As Yemen is gripped by its worst-ever humanitarian crisis, with 10 million going hungry and more than five million in urgent need of assistance, this year's Ramadan is proving harder than ever.
In better years, Yemenis would traditionally stock up with food as the Muslim fasting month Ramadan approached. Special purchases of sweet items like dates and juice would be among the items. Breaking the fast with iftar dinners at night with family and friends would be a celebratory event.
Copious amounts of food are still available in the markets: fresh fruit and vegetables, breads, all kinds of grains, sweets and dates. In small shops, the bright colours of boxes and tins red, gold and green are dazzling. The problem is that the cost of food items has rocketed and Yemen, which imports around 90% of its food needs, is particularly vulnerable to global food prices.
"How can someone with a big family and no work afford to buy anything with these high prices?" complained one woman I met in the city market of Al Hodeidah.

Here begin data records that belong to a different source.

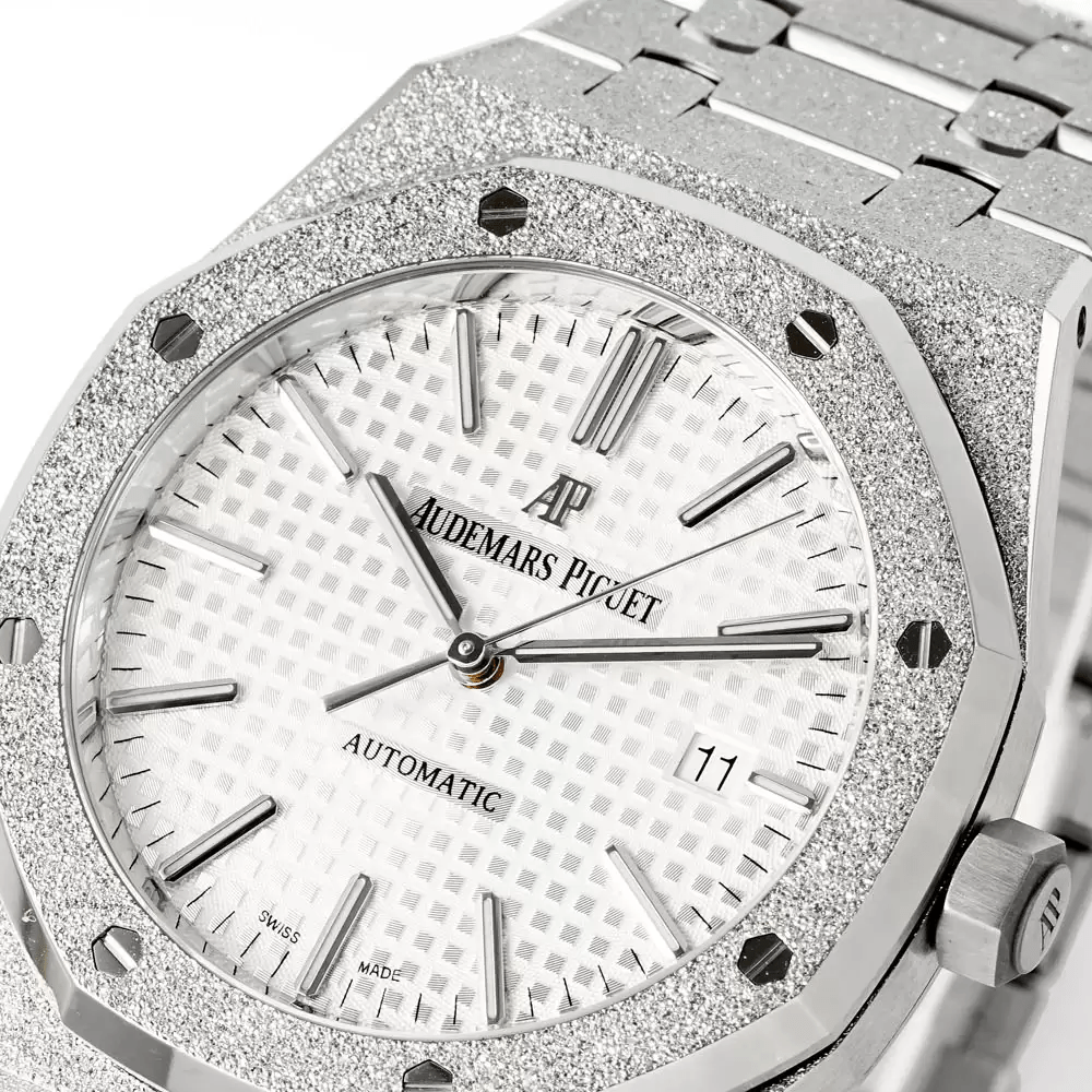 오데마피게 로얄오크 프로스트 화이트 다이얼 SS 브레이슬릿 41mm V3 15410
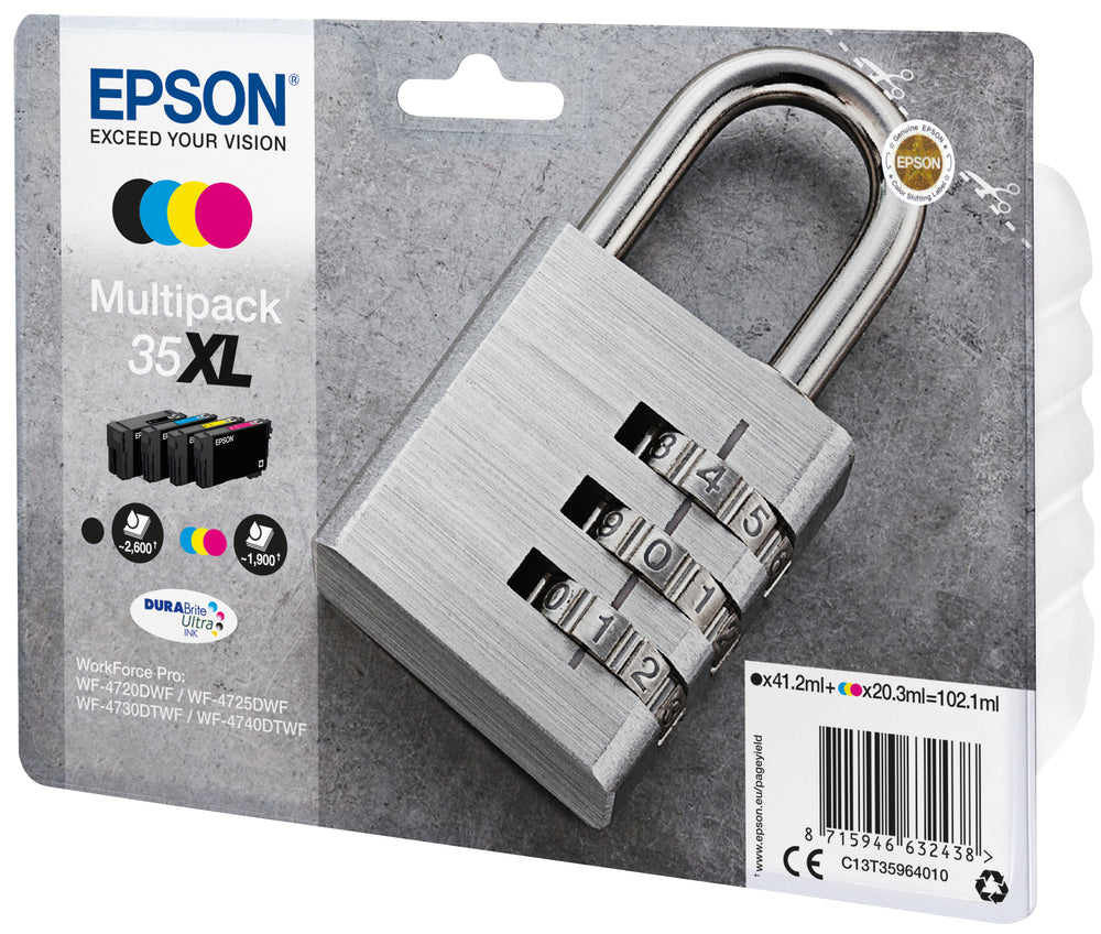 Epson Padlock C13T35964010. Patron kapacitet: Højt (XL) udbytte, Sort blæk type: Pigmentbaseret blæk, Sort blæk volumen: 41,2 ml, Forsyningstype: Multipakke, Farve blæk volumen: 20,3 ml, Udskrivning af farver: Sort, Blå, Magenta, Gul, Antal pr. pakke: 1 stk
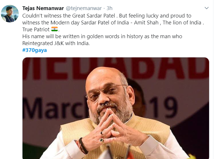 Another Twitter user Tejas tweeted: “Couldn’t witness the Great Sardar Patel, But feeling lucky and proud to witness the Modern day Sardar Patel of India – Amit Shah, The Lion of India, true Patriot.”
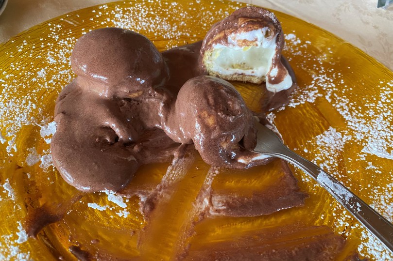 Nach einer Erfrischung im Burgrestaurant ging es den gleichen Weg wieder zurück nach Andrian, wo wir in der Pizzeria den wunderbaren Ausflug mit Profiterole ( italienische Windbeutel) und Cappuchino ausklingen ließen.
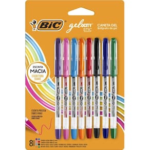 BIC, Caneta em Gel, Gelocity, Ponta Fina, 8 Cores Dispõe de cores vivas, com uma escrita confortável e macia. Conta com ponta fina de 0,5 mm para você obter maior precisão, além de oferecer desempenho confiável para uma variedade de tipos de escrita. Cores: preto, azul, azul-claro, vermelho, verde, laranja, roxo e rosa; 8 unidades; Ponta fina de 0,5 mm; Caneta em Gel; Qualidade BIC. Marca: Não Informado
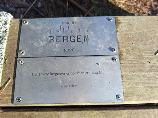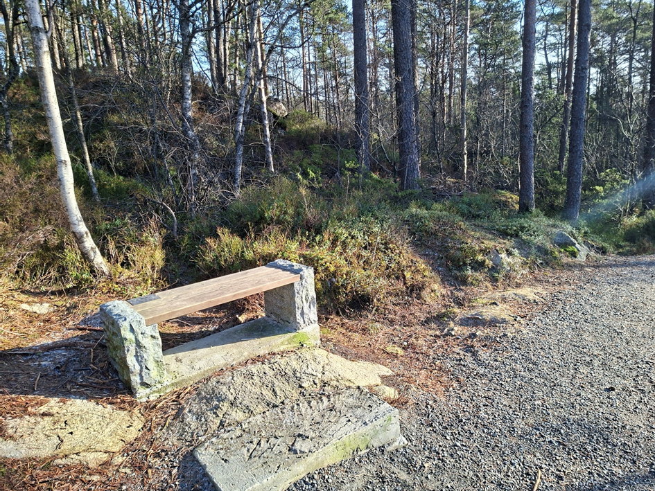 I november 2024 satte Alvøskogens Venner opp denne benken øst for Vardavatnet. Den har en inskripsjon om det å være og bli bergenser.
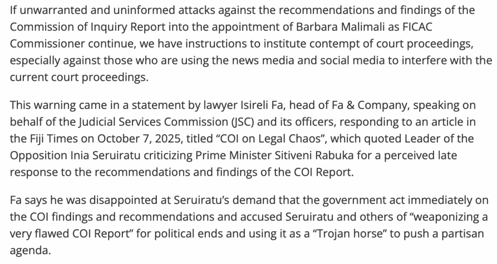 Yet now the government through the Acting Attorney General, Siromi Turaga, and Salesi Temo’s lawyer, Isireli Fa, are trying to gag the Opposition with threats of legal action if they don’t lay off the Chief Justice. The Fijian people must side with Inia Seruiratu and the other political leaders to fight this attempt to silence their legitimate demands that Temo be stood aside until the allegations against him are determined.
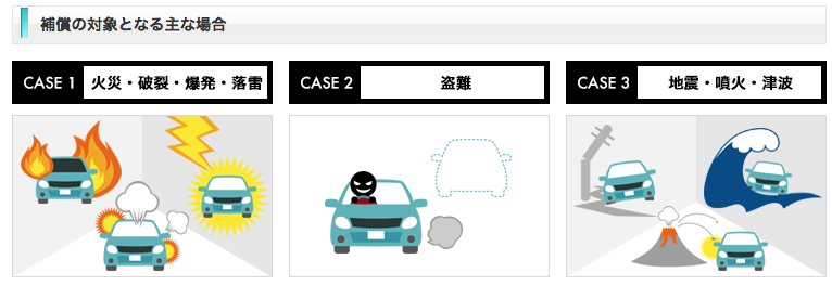 商品車を様々なリスクからお守りし、不測の事態からお守りします。火災等はもちろん、地震、落雷、津波や盗難被害まで幅広く補償が受けられます。

The high price of diesel -- which has doubled in Al Hodeidah in the past month -- has also had an impact.
A date farmer in the wholesale market told me he spent three times as much money on fuel to operate pumps to irrigate his palm trees; but his crop size was about 20% less than normal.
In the debilitating heat, which hits the high 40s centigrade, ice is in high demand. But according to one shopkeeper, the cost of powering generators to keep the ice cold in freezers has seen prices rise seven-fold.
This year, many families are struggling to pay for the most basic of items. Large numbers skip meals and survive on little more than bread and tea.
And that's why international aid agency Oxfam has provided a cash lifeline to more than 100,000 people in Al Hodeidah, giving them a cash lifeline so they can get through the next few months, and feed their families.
Widower, Zuhra Wans, in her 50s, who lives in Bayt al-Faqih district, in Al Hodeidah, can only dream of better years. "Things were good three years ago," she recalled dreamily. "Then, during Ramadan, everything was available." She reels off a list of what she used to buy -- items that are now far beyond their reach. Today, family meals mostly consist of bread.
In her small house, in Al Hawak village, Zuhra takes me into her kitchen. There's just one eight kilo sack of grain that the family will use to make bread. She tells me it used to cost 800 riyals (nearly $4 US dollars); today, its costs 1,400 riyals (about $6.5 US dollars). The sack will only last them for two weeks, and she's already worried by how much her next purchase will cost.
Zuhra shows me the only food they have in the kitchen
At least one-third of all households in Yemen are surviving by buying food on credit. Shopkeepers, in turn, buy their stock on credit. The local markets mostly operate on this precarious system.
So far, its worked. But shopkeepers like 25-year-old Ala'a Abdullah Farag Wans, who has a small store in Al Hawak, sleep poorly these days, worried that their customers won't be able to pay them back - and the defaults could prove devastating.
"The majority of my customers buy on credit" he said. "On average, my customers owe me about 30,000 riyals ($139 US dollars) each month.
Ala'a worries he may be forced to go out of business because so many owe him money
I worry one day I'll go out of business because my customers can't pay me back. Sometimes, I get calls from traders asking me when I'm going to pay them their money. Others stop by the store to ask me the same question.
Another shopkeeper, 23-year-old Yunus Al-Hamadi, tells me a similar story. "We're owed about 4 million riyals in debts by our customers. We buy our food from wholesalers and owe them about nine million riyals."
But Yunus is philosophical about the future. We don't worry, he says, because we can't change anything. We just live day to day.